Given the entries below, would you transcribe exactly the lines starting at the one with "Wonderful heavy recycled" and ending at the one with "本周中证A500指数跌0.6", both kept, pictures omitted, nothing extra?

■ **Dataset records**:

====

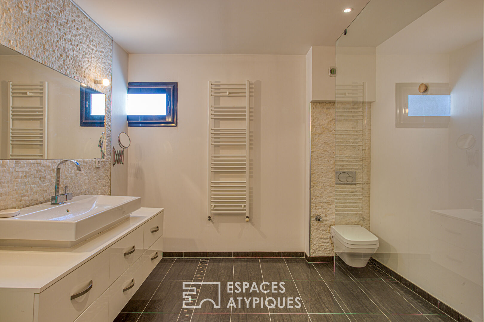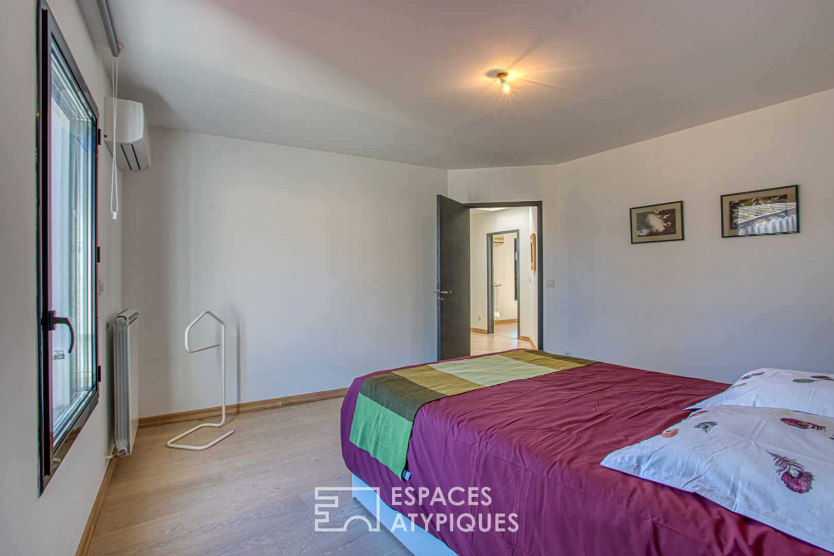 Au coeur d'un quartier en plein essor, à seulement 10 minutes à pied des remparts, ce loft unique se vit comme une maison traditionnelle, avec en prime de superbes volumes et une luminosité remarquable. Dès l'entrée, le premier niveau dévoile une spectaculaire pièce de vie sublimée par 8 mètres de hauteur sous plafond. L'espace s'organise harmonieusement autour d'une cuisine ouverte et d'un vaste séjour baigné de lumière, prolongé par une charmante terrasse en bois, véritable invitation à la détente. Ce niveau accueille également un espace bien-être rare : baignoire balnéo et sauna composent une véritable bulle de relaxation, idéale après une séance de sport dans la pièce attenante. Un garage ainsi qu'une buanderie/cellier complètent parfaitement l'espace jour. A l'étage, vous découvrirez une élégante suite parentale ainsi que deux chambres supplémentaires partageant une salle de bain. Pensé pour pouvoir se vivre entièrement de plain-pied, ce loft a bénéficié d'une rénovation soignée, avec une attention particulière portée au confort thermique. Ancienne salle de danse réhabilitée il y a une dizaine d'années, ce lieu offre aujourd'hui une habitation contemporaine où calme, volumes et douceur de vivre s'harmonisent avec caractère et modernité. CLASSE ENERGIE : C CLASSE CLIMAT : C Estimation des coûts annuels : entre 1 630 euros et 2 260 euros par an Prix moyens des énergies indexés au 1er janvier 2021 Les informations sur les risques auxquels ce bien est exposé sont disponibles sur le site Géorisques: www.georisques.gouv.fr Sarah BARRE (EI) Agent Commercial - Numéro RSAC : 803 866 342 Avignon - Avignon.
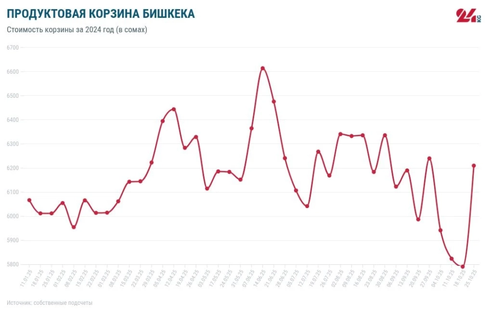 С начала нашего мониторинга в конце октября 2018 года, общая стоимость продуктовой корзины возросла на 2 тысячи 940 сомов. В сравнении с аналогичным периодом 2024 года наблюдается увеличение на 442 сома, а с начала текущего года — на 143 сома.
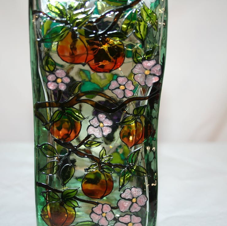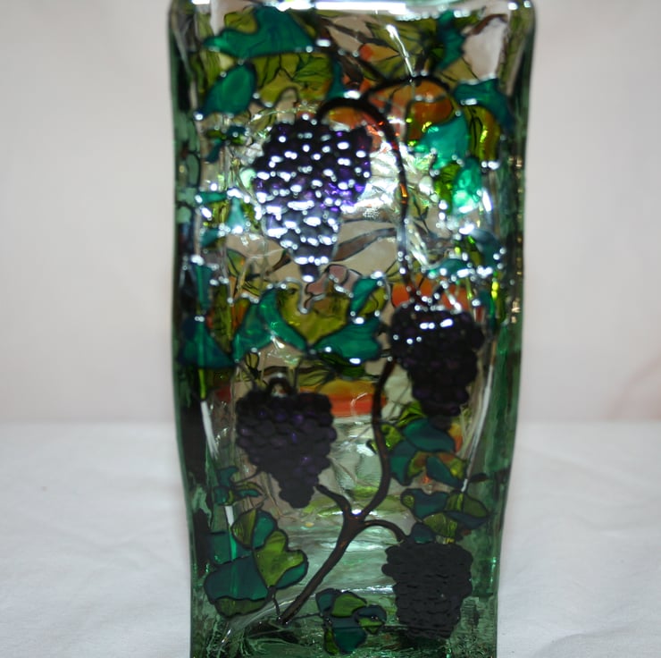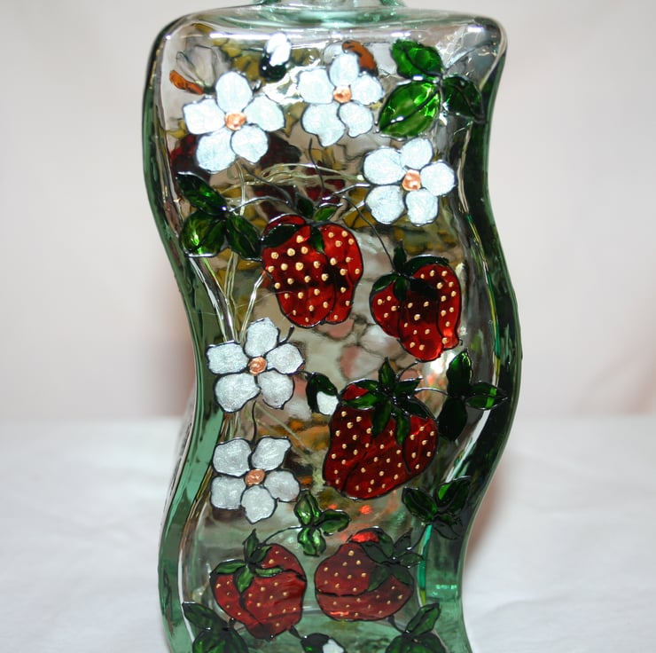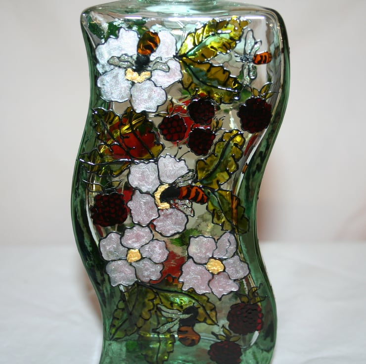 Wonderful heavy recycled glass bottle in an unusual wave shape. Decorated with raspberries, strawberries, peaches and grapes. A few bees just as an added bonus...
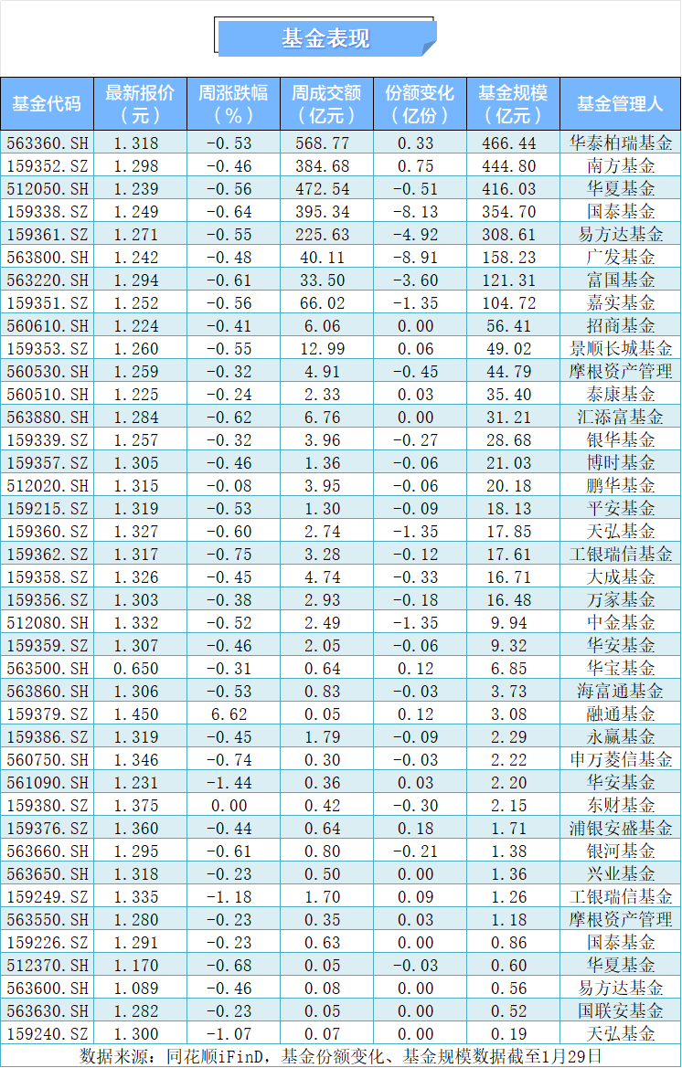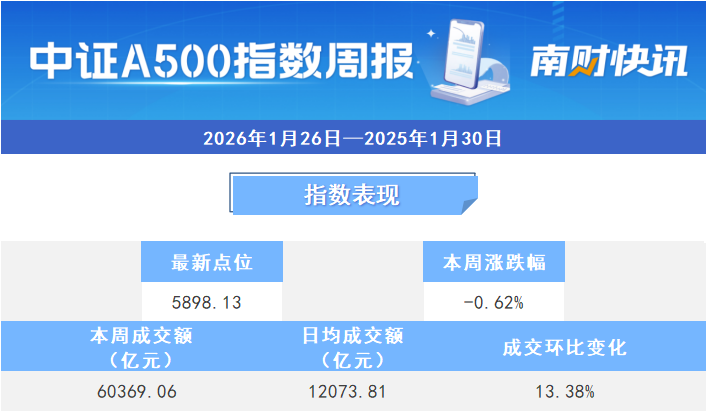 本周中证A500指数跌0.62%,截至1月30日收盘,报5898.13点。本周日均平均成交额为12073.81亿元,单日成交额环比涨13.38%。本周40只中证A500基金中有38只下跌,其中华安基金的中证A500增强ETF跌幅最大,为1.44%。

====

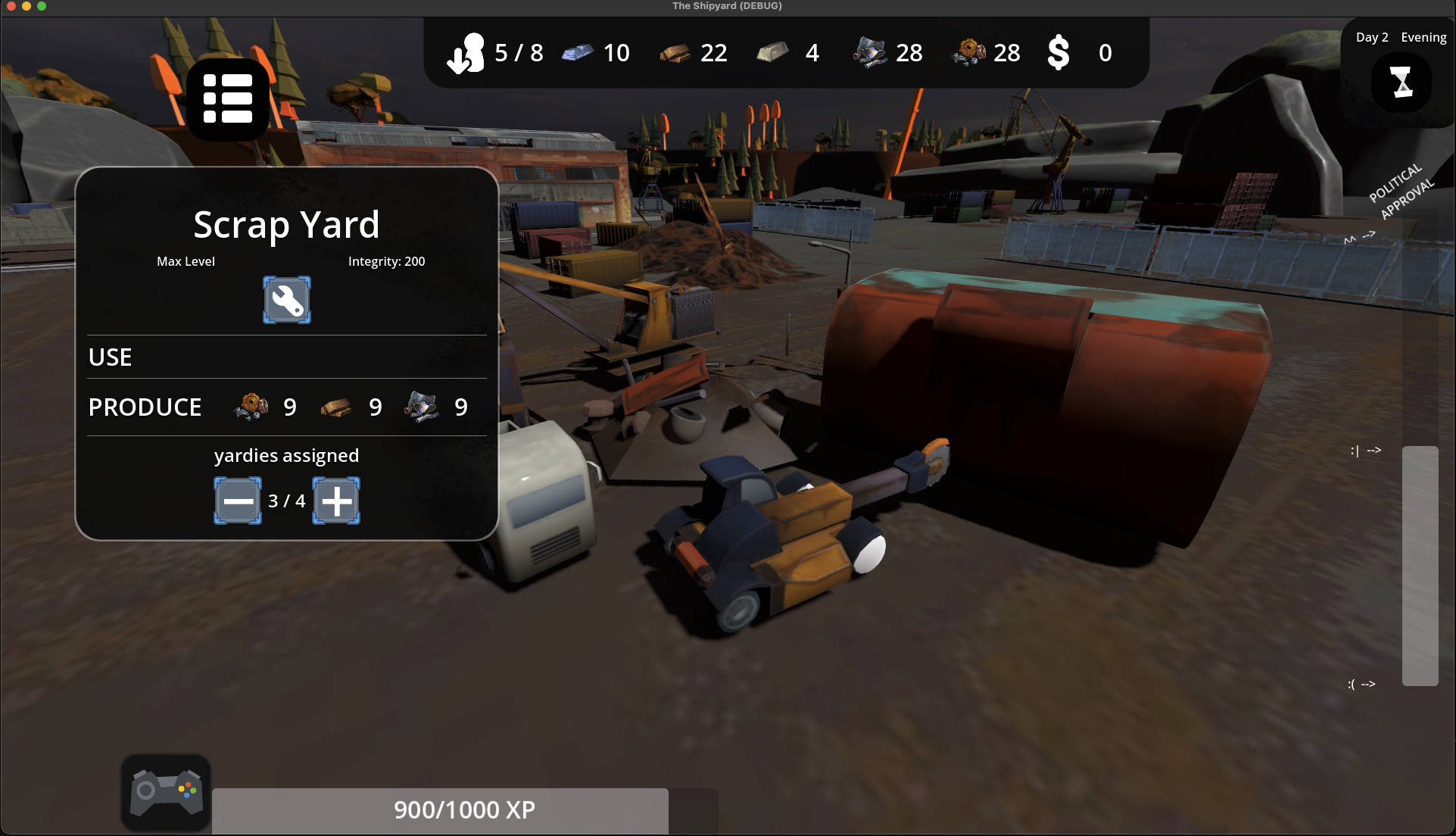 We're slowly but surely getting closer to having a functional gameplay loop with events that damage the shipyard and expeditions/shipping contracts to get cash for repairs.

====

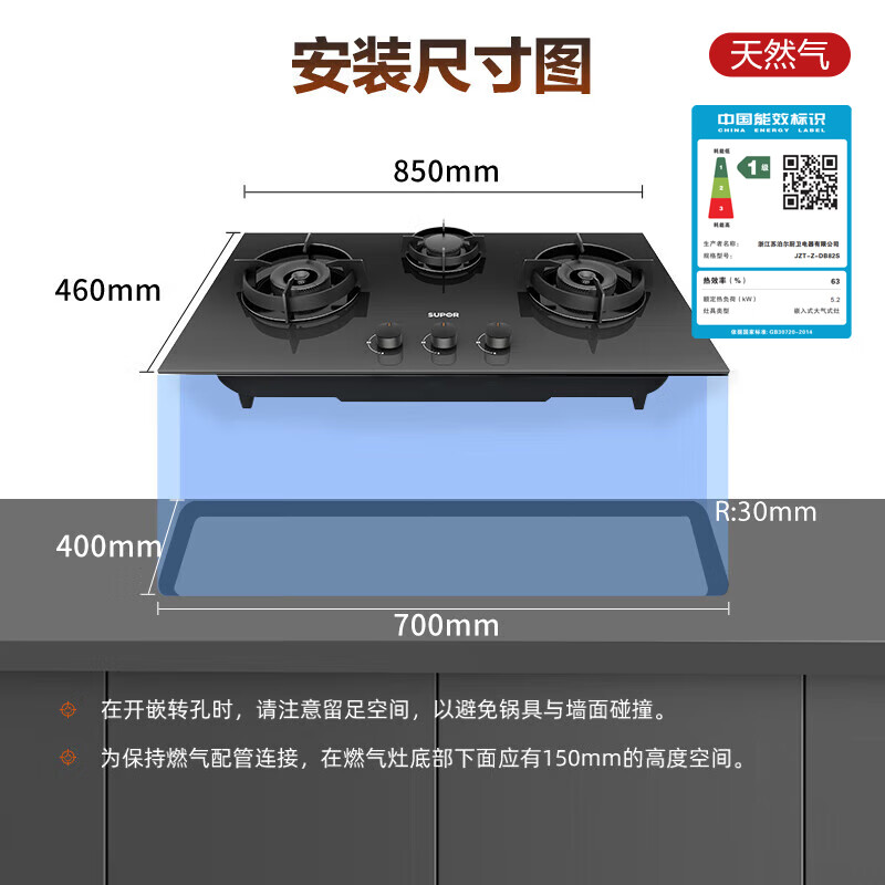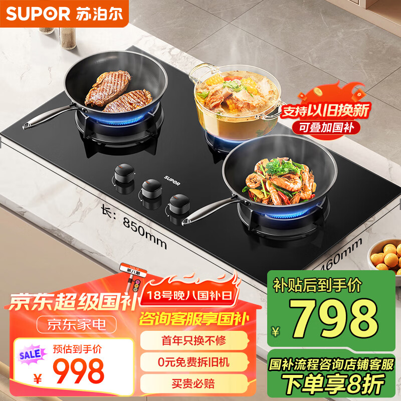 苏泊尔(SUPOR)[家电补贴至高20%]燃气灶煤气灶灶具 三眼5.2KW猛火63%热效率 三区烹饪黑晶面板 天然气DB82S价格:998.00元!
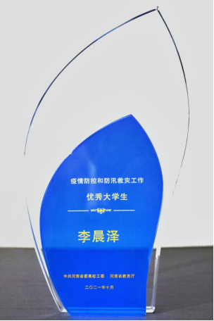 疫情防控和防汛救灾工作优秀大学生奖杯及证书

====

■ **Response to the task**:
 Wonderful heavy recycled glass bottle in an unusual wave shape. Decorated with raspberries, strawberries, peaches and grapes. A few bees just as an added bonus...
 本周中证A500指数跌0.62%,截至1月30日收盘,报5898.13点。本周日均平均成交额为12073.81亿元,单日成交额环比涨13.38%。本周40只中证A500基金中有38只下跌,其中华安基金的中证A500增强ETF跌幅最大,为1.44%。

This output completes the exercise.